After which, they would recount the number of years that have passed since the destruction of Jerusalem, and conclude with the words:
"May the Merciful One build his house and sanctuary, and let them say Amen."

- Three stone inscriptions were discovered bearing the names of the priestly wards, their order and the name of the locality to which they had moved after the destruction of the Second Temple:
1. In 1920, a marble stone inscription was found in Ashkelon showing a partial list of the priestly wards, attesting to the existence of such plaques, perhaps mounted to the walls of synagogues.

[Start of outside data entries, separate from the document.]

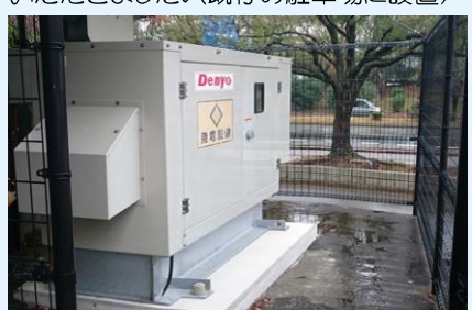
10KW出力で連続43時間稼働能力があり、管理棟(2階建ての管理事務所と集会室の3部屋等)の電源を確保。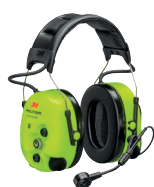
Large choix de casques. Nous consulter.

Casques PELTOR bluetooth ou filaire actifs ou passifs . Idéal dans les environnements très bruyants.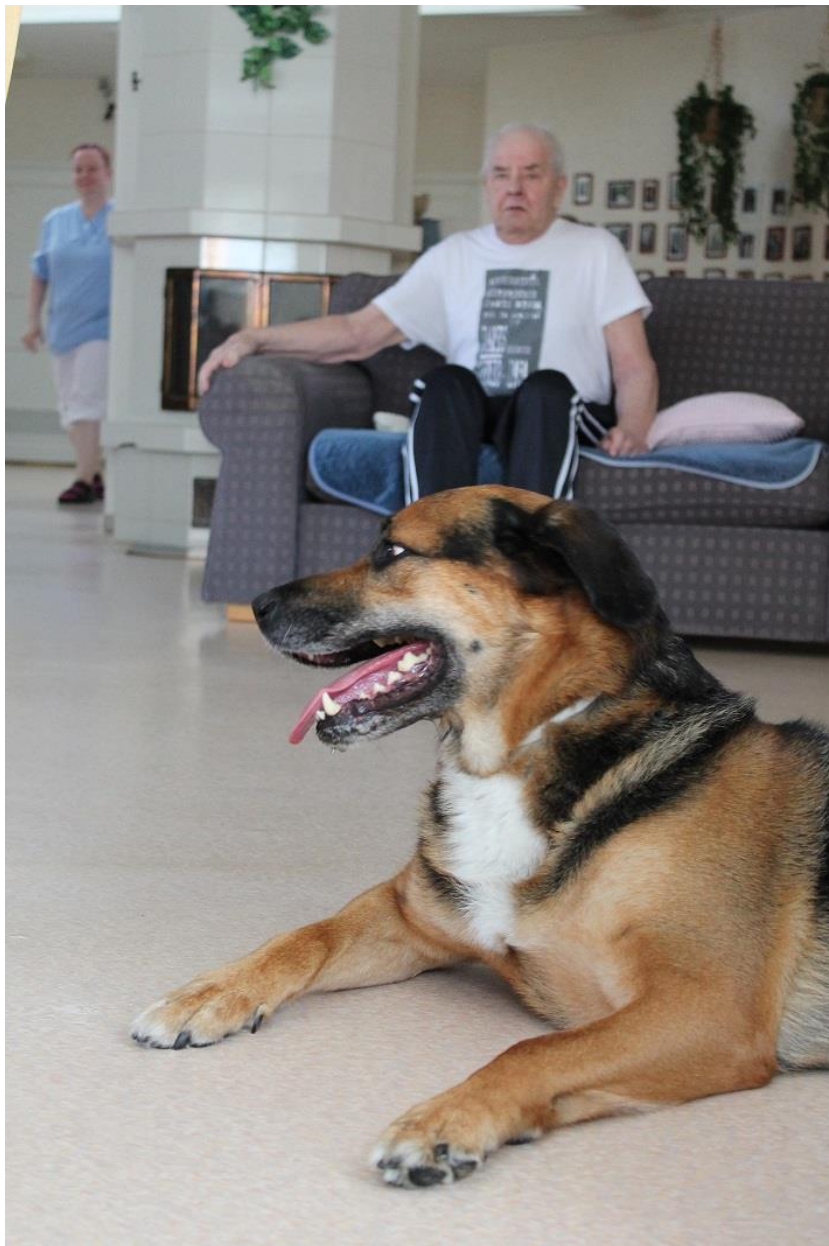
KUVA 8. Poju odottelee leikittäjää

Muistelu auttaa hahmottamaan ihmisen elämänkaaren. Sen avulla on mahdollista solmia uusia ihmissuhteita ja muutenkin sosialisoitua. Koska ihmiselämä on prosessi, muistelun avulla on hyvä tutkia prosessin vaiheita ja näihin liittyviä syy-seuraussuhteita. Muistelun avulla on mahdollista siirtää tietoa sukupolvelta toiselle, koskien erilaisia historian vaiheita. Näiden historian vaiheiden ymmärtämisen myötä ihminen pystyy peilaamaan omaan tilanteeseensa vaikuttaneita seikkoja ja nykytilannetta. Hoitotyössä muistelu on tärkeä osa asiakkaan yksilöllisten tarpeiden hahmottamista ja asiakkaan ymmärtämistä, esimerkiksi miksi asiakas mahdollisesti reagoi joihinkin asioihin odottamattomalla tavalla. Ketään ei voi kuitenkaan pakottaa muistelemaan, vaan muistelun täytyy olla asiakkaalle mielekästä ja vapaaehtoista. (Airila 2009.)

2. In 1962 three small fragments of one Hebrew stone inscription, dated to the 3rd/4th centuries, were found in Caesarea Maritima, bearing the partial names of places associated with the priestly courses (the rest of which had been reconstructed) as follows:

| The 17th course Hezir Ma]mliah |
| The 18th course Hapizzez Nazareth |
| The 19th course Pethahia Akhlah Arab |
| The 20th course Ezekiel Mi]gdal Nunaiya |

This is the oldest inscription mentioning Nazareth as a location, outside the Bible and pilgrim notes.

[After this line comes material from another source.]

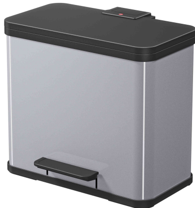
Öko Duo Plus L, Stahlblech - silber

3. In 1970 the stone inscription DJE 23 was discovered on a partially buried column in a mosque, in the Yemeni village of Bayt Ḥaḍir, showing ten names of the priestly wards and their respective towns and villages. The Yemeni inscription is the longest roster of names of this sort ever discovered, unto this day. The names legible on the stone column discovered by Walter W. Müller read as follows:

| English Translation | Original Hebrew |
|---|---|
| [Se'orim 'Ayṯoh-lo], fourth ward | שְׂעוֹרִים עיתהלו משמר הרביעי |
| [Malkiah, Beṯ]-Lehem, the fif[th] ward | מַלְכִּיָּה בית לחם משמר החמשי |
| Miyamin, Yudfaṯ (Jotapata), the sixth ward | מִיָמִין יודפת משמר הששי |
| [Haqo]ṣ, 'Ailebu, the seventh ward | הַקּוֹץ עילבו משמר השביעי |
| Aviah 'Iddo, Kefar 'Uzziel, the (eighth) ward | אֲבִיָּה עדו כפר עוזיאל משמר |
| the eighth (ward). Yešūa', Nišdaf-arbel | השמיני יֵשׁוּעַ נשדפארבל |
| the ninth ward | משמר התשיעי |
| Šekhaniyahu, 'Avurah Cabūl, the t[enth] ward | שְׁכַנְיָה עבורה כבול משמר העשירי |
| Eliašīv, Cohen Qanah, the elev[enth] ward | אֶלְיָשִׁיב כהן קנה משמר אחד עשר |
| Yaqīm Pašḥūr, Ṣefaṯ (Safed), the twelf[th] ward | יָקִים פַּשְׁחוּר צפת משמר שנים עשר |
| [Ḥū]ppah, Beṯ-Ma'on, the (thirteenth) ward | חוּפָּה בית מעון משמר שלשה |
| the thirteenth (ward). Yešav'av, Ḥuṣpiṯ Šuḥīn | עשר יֶשֶׁבְאָב חוצפית שוחין |
| the fourteenth wa[rd] | משמר ארבע עשר |

- A seventh-century poet, Eleazar ben Killir, wrote a liturgical poem detailing the 24-priestly wards and their places of residence. Historian and geographer, Samuel Klein (1886–1940), thinks that Killir's poem proves the prevalence of this custom of commemorating the courses in the synagogues of the Land of Israel.

==See also==

- Priestly divisions
- House of David
- Jerusalem
- Solomon's Temple

- Related Bible parts: Exodus 6, Deuteronomy 12, Numbers 3, Numbers 4, Numbers 8, 1 Chronicles 6, Ezra 3, Luke 1

==Sources==
- Ackroyd, Peter R (1993). "The Oxford Companion to the Bible"
- Avi-Yonah, Michael (1962). "A List of Priestly Courses from Caesarea"
- Bennett, William (2018). "The Expositor's Bible: The Books of Chronicles"
- Coogan, Michael David (2007). "The New Oxford Annotated Bible with the Apocryphal/Deuterocanonical Books: New Revised Standard Version, Issue 48"
- Endres, John C. (2012). "First and Second Chronicles"
- Hill, Andrew E. (2003). "First and Second Chronicles"
- Mabie, Frederick (2017). "1 and 2 Chronicles"
- Mathys, H. P. (2007). "The Oxford Bible Commentary"
- Tuell, Steven S. (2012). "First and Second Chronicles"
- Wise, Michael (1996). "The Dead Sea Scrolls: A New Translation"
- Würthwein, Ernst (1995). "The Text of the Old Testament"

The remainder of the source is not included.